DATA FOR THIS TASK:
== Segment start ==

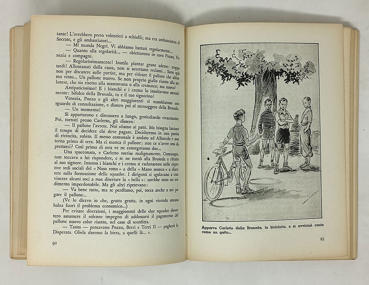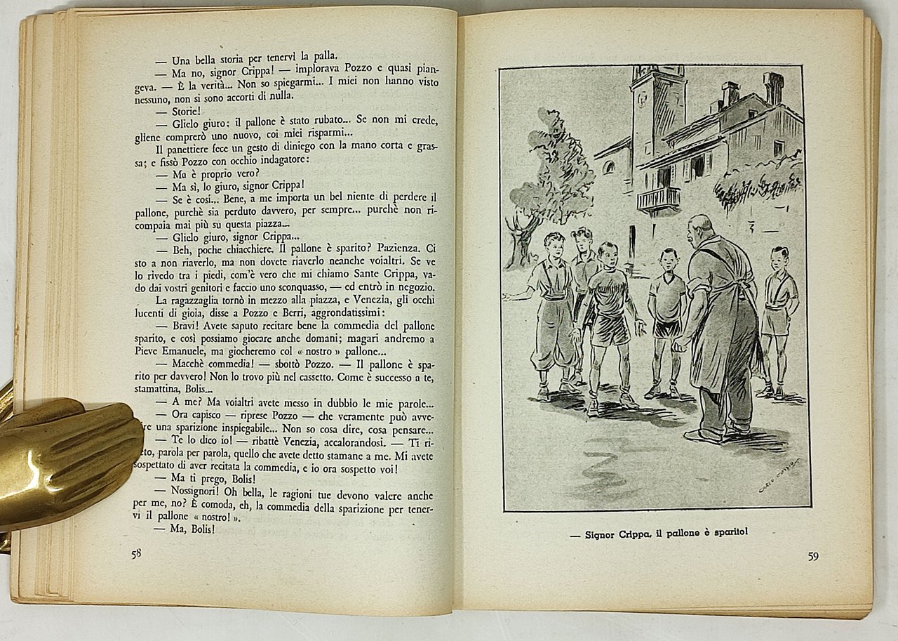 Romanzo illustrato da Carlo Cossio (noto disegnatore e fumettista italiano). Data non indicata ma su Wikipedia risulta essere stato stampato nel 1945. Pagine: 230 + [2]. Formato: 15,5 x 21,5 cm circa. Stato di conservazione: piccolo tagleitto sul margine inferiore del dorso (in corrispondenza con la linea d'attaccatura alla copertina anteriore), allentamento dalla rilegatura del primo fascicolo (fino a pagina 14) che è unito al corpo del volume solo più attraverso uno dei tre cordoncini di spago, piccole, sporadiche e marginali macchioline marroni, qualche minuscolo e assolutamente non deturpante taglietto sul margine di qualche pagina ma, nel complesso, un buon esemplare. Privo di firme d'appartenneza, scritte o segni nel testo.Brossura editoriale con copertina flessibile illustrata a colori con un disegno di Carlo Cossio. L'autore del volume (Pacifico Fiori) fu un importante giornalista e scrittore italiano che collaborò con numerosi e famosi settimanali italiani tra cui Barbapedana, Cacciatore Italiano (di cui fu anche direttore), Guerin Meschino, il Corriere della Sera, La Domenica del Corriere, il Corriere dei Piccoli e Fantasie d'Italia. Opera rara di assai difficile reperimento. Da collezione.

== Segment end ==
== Segment start ==

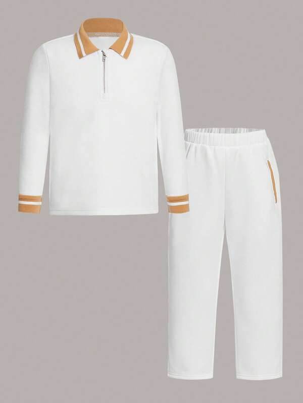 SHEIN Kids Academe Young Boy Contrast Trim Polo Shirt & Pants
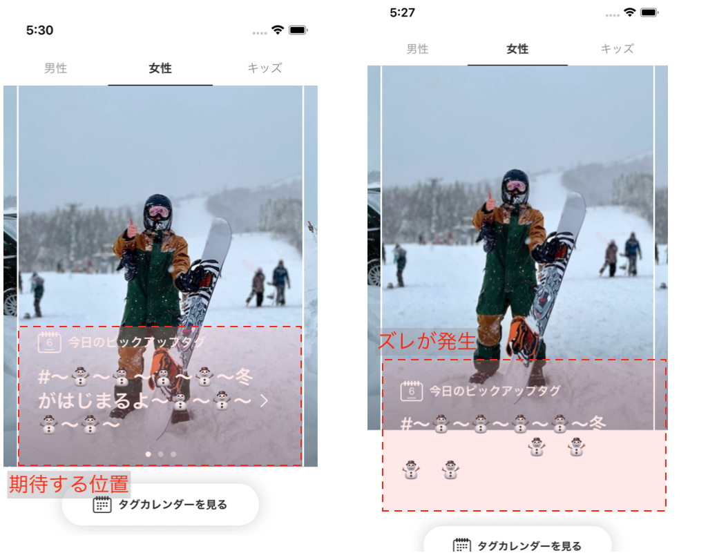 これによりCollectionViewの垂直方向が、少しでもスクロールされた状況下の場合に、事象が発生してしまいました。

== Segment end ==

WHAT THIS TASK INVOLVES: In the listing above, find the line with "SHEIN Kids Academe" and the line with "これによりCollectio". Copy exactly those lines and all between them, minus the images.

RESPONSE BOX:
 SHEIN Kids Academe Young Boy Contrast Trim Polo Shirt & Pants
 これによりCollectionViewの垂直方向が、少しでもスクロールされた状況下の場合に、事象が発生してしまいました。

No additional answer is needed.